- _Your instructions_: Give back the data exactly, with no images.

** Provided material follows **

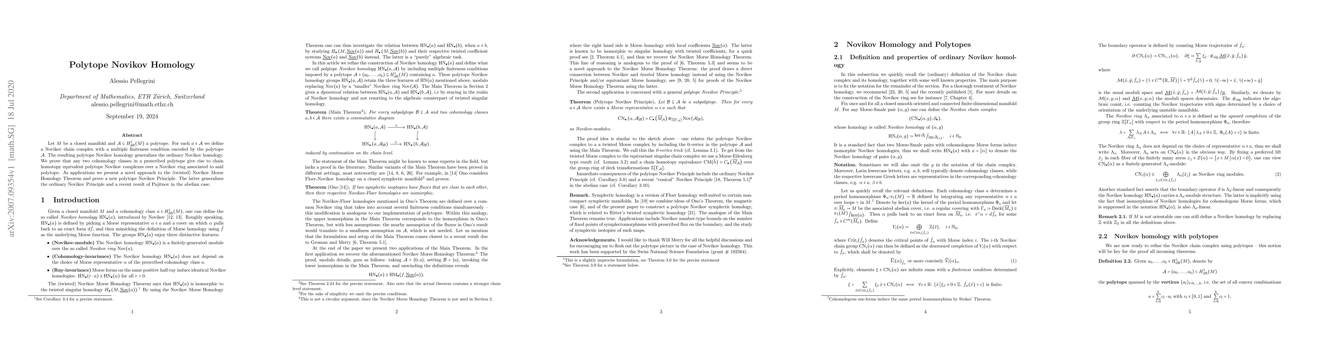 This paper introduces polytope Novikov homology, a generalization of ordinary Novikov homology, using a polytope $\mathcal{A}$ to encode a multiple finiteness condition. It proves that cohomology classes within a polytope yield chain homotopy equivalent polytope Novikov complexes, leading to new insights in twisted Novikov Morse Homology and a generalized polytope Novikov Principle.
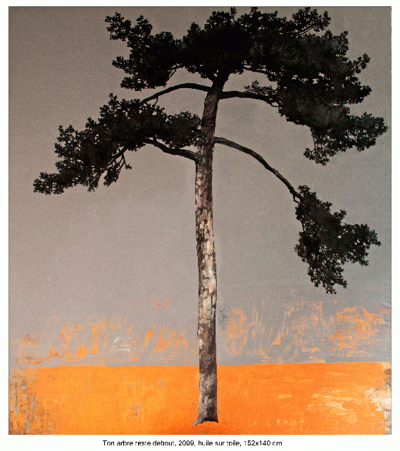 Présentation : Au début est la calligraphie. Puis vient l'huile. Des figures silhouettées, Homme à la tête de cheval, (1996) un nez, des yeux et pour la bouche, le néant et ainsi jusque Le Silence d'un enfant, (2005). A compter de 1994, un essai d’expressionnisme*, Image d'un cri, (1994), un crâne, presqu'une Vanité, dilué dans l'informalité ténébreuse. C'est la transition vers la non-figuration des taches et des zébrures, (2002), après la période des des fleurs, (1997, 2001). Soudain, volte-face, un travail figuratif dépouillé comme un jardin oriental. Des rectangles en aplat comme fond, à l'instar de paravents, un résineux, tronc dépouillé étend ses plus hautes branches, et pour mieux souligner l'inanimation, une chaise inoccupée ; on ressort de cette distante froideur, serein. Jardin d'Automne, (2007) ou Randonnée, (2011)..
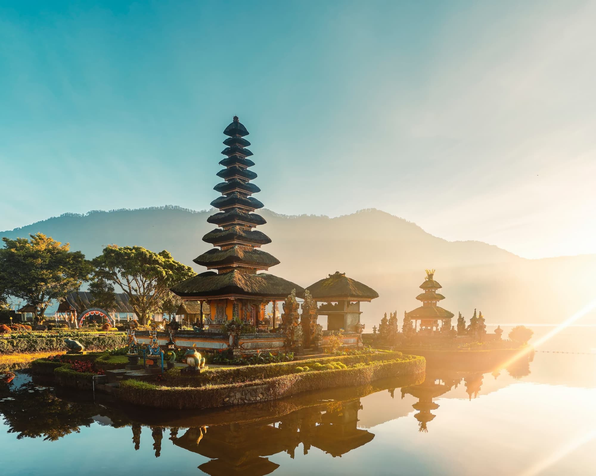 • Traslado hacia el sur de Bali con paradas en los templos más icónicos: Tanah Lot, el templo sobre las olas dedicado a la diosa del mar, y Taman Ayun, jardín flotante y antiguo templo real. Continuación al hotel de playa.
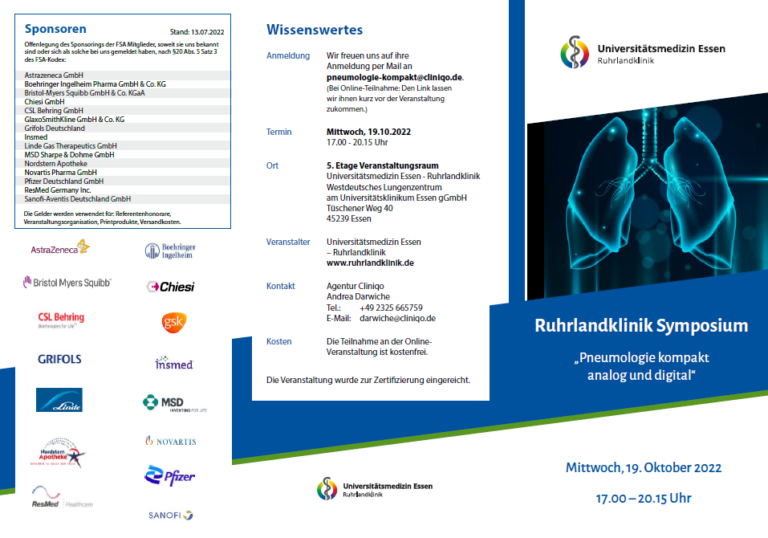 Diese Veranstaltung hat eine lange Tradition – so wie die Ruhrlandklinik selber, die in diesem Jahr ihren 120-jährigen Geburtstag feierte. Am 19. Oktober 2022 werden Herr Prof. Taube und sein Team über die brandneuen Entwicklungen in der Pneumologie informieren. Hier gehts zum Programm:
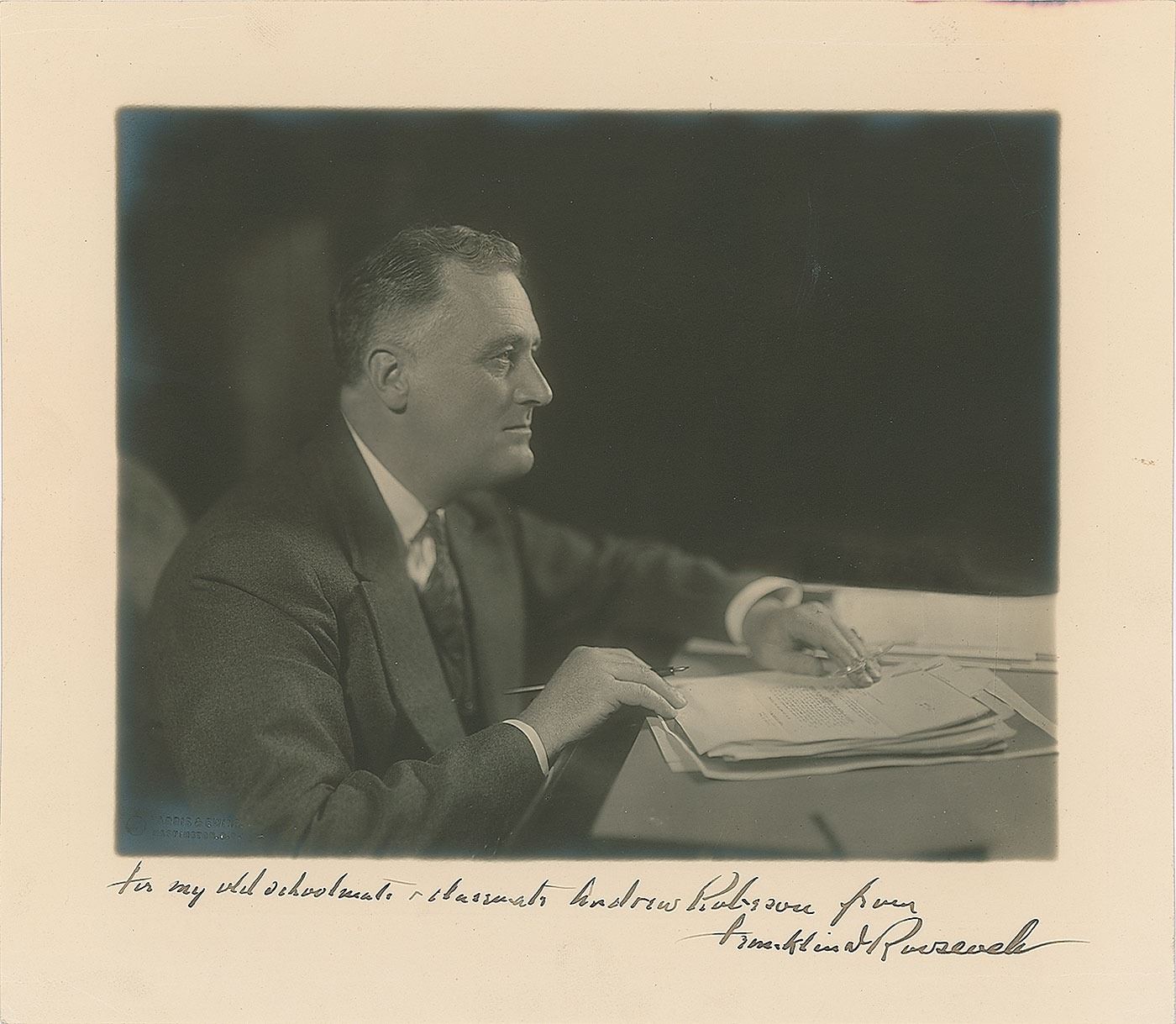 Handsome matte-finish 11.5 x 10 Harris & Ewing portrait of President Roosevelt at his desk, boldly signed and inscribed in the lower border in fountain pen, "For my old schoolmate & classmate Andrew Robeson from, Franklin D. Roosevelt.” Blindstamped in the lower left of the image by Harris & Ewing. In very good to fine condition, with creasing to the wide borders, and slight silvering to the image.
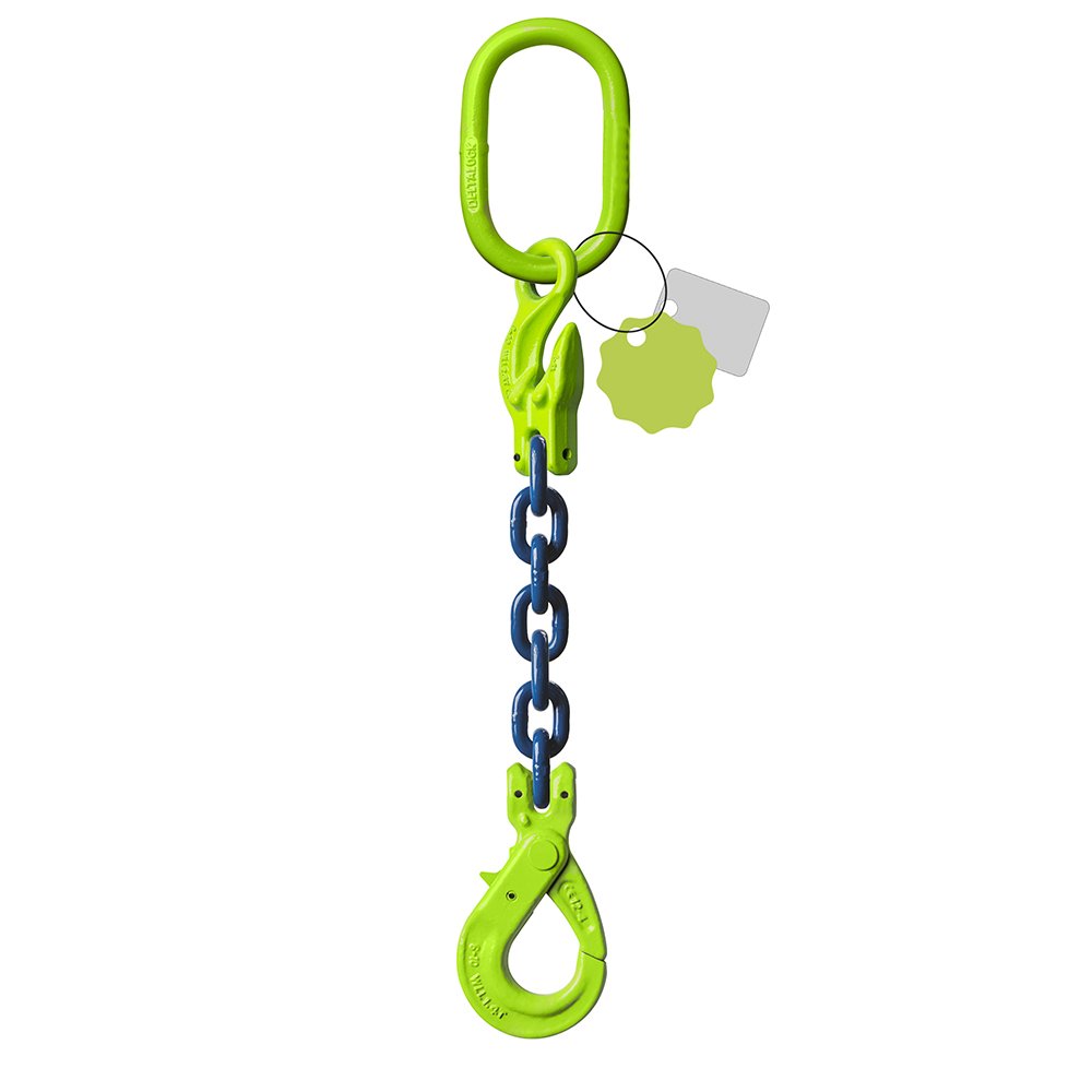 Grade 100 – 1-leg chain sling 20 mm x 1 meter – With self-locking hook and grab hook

** End of Provided material **

- _Task output_:
 This paper introduces polytope Novikov homology, a generalization of ordinary Novikov homology, using a polytope $\mathcal{A}$ to encode a multiple finiteness condition. It proves that cohomology classes within a polytope yield chain homotopy equivalent polytope Novikov complexes, leading to new insights in twisted Novikov Morse Homology and a generalized polytope Novikov Principle.
 Présentation : Au début est la calligraphie. Puis vient l'huile. Des figures silhouettées, Homme à la tête de cheval, (1996) un nez, des yeux et pour la bouche, le néant et ainsi jusque Le Silence d'un enfant, (2005). A compter de 1994, un essai d’expressionnisme*, Image d'un cri, (1994), un crâne, presqu'une Vanité, dilué dans l'informalité ténébreuse. C'est la transition vers la non-figuration des taches et des zébrures, (2002), après la période des des fleurs, (1997, 2001). Soudain, volte-face, un travail figuratif dépouillé comme un jardin oriental. Des rectangles en aplat comme fond, à l'instar de paravents, un résineux, tronc dépouillé étend ses plus hautes branches, et pour mieux souligner l'inanimation, une chaise inoccupée ; on ressort de cette distante froideur, serein. Jardin d'Automne, (2007) ou Randonnée, (2011)..
 • Traslado hacia el sur de Bali con paradas en los templos más icónicos: Tanah Lot, el templo sobre las olas dedicado a la diosa del mar, y Taman Ayun, jardín flotante y antiguo templo real. Continuación al hotel de playa.
 Diese Veranstaltung hat eine lange Tradition – so wie die Ruhrlandklinik selber, die in diesem Jahr ihren 120-jährigen Geburtstag feierte. Am 19. Oktober 2022 werden Herr Prof. Taube und sein Team über die brandneuen Entwicklungen in der Pneumologie informieren. Hier gehts zum Programm:
 Handsome matte-finish 11.5 x 10 Harris & Ewing portrait of President Roosevelt at his desk, boldly signed and inscribed in the lower border in fountain pen, "For my old schoolmate & classmate Andrew Robeson from, Franklin D. Roosevelt.” Blindstamped in the lower left of the image by Harris & Ewing. In very good to fine condition, with creasing to the wide borders, and slight silvering to the image.
 Grade 100 – 1-leg chain sling 20 mm x 1 meter – With self-locking hook and grab hook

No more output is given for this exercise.